Class HWPFDocumentCore

java.lang.Object
org.apache.poi.POIDocument
org.apache.poi.hwpf.HWPFDocumentCore
All Implemented Interfaces:
Closeable, AutoCloseable
Direct Known Subclasses:
HWPFDocument, HWPFOldDocument

public abstract class HWPFDocumentCore extends POIDocument
This class holds much of the core of a Word document, but without some of the table structure information. You generally want to work with one of HWPFDocument or HWPFOldDocument
  • Field Details

    • STREAM_OBJECT_POOL

      protected static final String STREAM_OBJECT_POOL
      See Also:
    • STREAM_WORD_DOCUMENT

      protected static final String STREAM_WORD_DOCUMENT
      See Also:
    • STREAM_TABLE_0

      protected static final String STREAM_TABLE_0
      See Also:
    • STREAM_TABLE_1

      protected static final String STREAM_TABLE_1
      See Also:
    • FIB_BASE_LEN

      protected static final int FIB_BASE_LEN
      Size of the not encrypted part of the FIB
      See Also:
    • RC4_REKEYING_INTERVAL

      protected static final int RC4_REKEYING_INTERVAL
      [MS-DOC] 2.2.6.2/3 Office Binary Document ... Encryption: "... The block number MUST be set to zero at the beginning of the stream and MUST be incremented at each 512 byte boundary. ..."
      See Also:
    • _objectPool

      protected ObjectPoolImpl _objectPool
      Holds OLE2 objects
    • _fib

      protected FileInformationBlock _fib
      The FIB
    • _ss

      protected StyleSheet _ss
      Holds styles for this document.
    • _cbt

      protected CHPBinTable _cbt
      Contains formatting properties for text
    • _pbt

      protected PAPBinTable _pbt
      Contains formatting properties for paragraphs
    • _st

      protected SectionTable _st
      Contains formatting properties for sections.
    • _ft

      protected FontTable _ft
      Holds fonts for this document.
    • _lt

      protected ListTables _lt
      Hold list tables
    • _mainStream

      protected byte[] _mainStream
      main document stream buffer
  • Constructor Details

    • HWPFDocumentCore

      protected HWPFDocumentCore()
    • HWPFDocumentCore

      public HWPFDocumentCore(InputStream istream) throws IOException
      This constructor loads a Word document from an InputStream.
      Parameters:
      istream - The InputStream that contains the Word document.
      Throws:
      IOException - If there is an unexpected IOException from the passed in InputStream.
    • HWPFDocumentCore

      public HWPFDocumentCore(POIFSFileSystem pfilesystem) throws IOException
      This constructor loads a Word document from a POIFSFileSystem
      Parameters:
      pfilesystem - The POIFSFileSystem that contains the Word document.
      Throws:
      IOException - If there is an unexpected IOException from the passed in POIFSFileSystem.
    • HWPFDocumentCore

      public HWPFDocumentCore(DirectoryNode directory) throws IOException
      This constructor loads a Word document from a specific point in a POIFSFileSystem, probably not the default.
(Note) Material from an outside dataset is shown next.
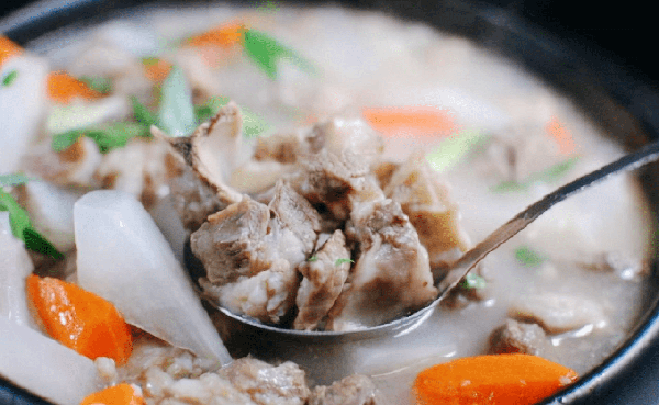 10 . 将羊排汤与锅一起端上桌,分盛到每个人的碗中,可以根据自己的口味添加适量的葱花、香菜、白胡椒粉、辣椒油、食盐和味精等调料。

Used typically to open embeded documents.
      Parameters:
      directory - The DirectoryNode that contains the Word document.
      Throws:
      IOException - If there is an unexpected IOException from the passed in POIFSFileSystem.
  • Method Details

    • verifyAndBuildPOIFS

      public static POIFSFileSystem verifyAndBuildPOIFS(InputStream istream) throws IOException
      Takes an InputStream, verifies that it's not RTF or PDF, builds a POIFSFileSystem from it, and returns that.
      Throws:
      IOException
    • getRange

      public abstract Range getRange()
      Returns the range which covers the whole of the document, but excludes any headers and footers.
    • getOverallRange

      public abstract Range getOverallRange()
      Returns the range that covers all text in the file, including main text, footnotes, headers and comments
    • getDocumentText

      public String getDocumentText()
      Returns document text, i.e. text information from all text pieces, including OLE descriptions and field codes
    • getText

      @Internal public abstract StringBuilder getText()
      Internal method to access document text
    • getCharacterTable

      public CHPBinTable getCharacterTable()
    • getParagraphTable

      public PAPBinTable getParagraphTable()
    • getSectionTable

      public SectionTable getSectionTable()
    • getStyleSheet

      public StyleSheet getStyleSheet()
    • getListTables

      public ListTables getListTables()
    • getFontTable

      public FontTable getFontTable()
    • getFileInformationBlock

      public FileInformationBlock getFileInformationBlock()
    • getObjectsPool

      public ObjectsPool getObjectsPool()
    • getTextTable

      public abstract TextPieceTable getTextTable()
    • getMainStream

      @Internal public byte[] getMainStream()
    • getEncryptionInfo

      public EncryptionInfo getEncryptionInfo() throws IOException
      Overrides:
      getEncryptionInfo in class POIDocument
      Returns:
      the encryption info if the document is encrypted, otherwise null
      Throws:
      IOException - If retrieving the encryption information fails
    • updateEncryptionInfo

      protected void updateEncryptionInfo()
    • getDocumentEntryBytes

      protected byte[] getDocumentEntryBytes(String name, int encryptionOffset, int len) throws IOException
      Reads OLE Stream into byte array - if an EncryptionInfo is available, decrypt the bytes starting at encryptionOffset. If encryptionOffset = -1, then do not try to decrypt the bytes
      Parameters:
      name - the name of the stream
      encryptionOffset - the offset from which to start decrypting, use -1 for no decryption
      len - length of the bytes to be read, use Integer.MAX_VALUE for all bytes
      Returns:
      the read bytes
      Throws:
      IOException - if the stream can't be found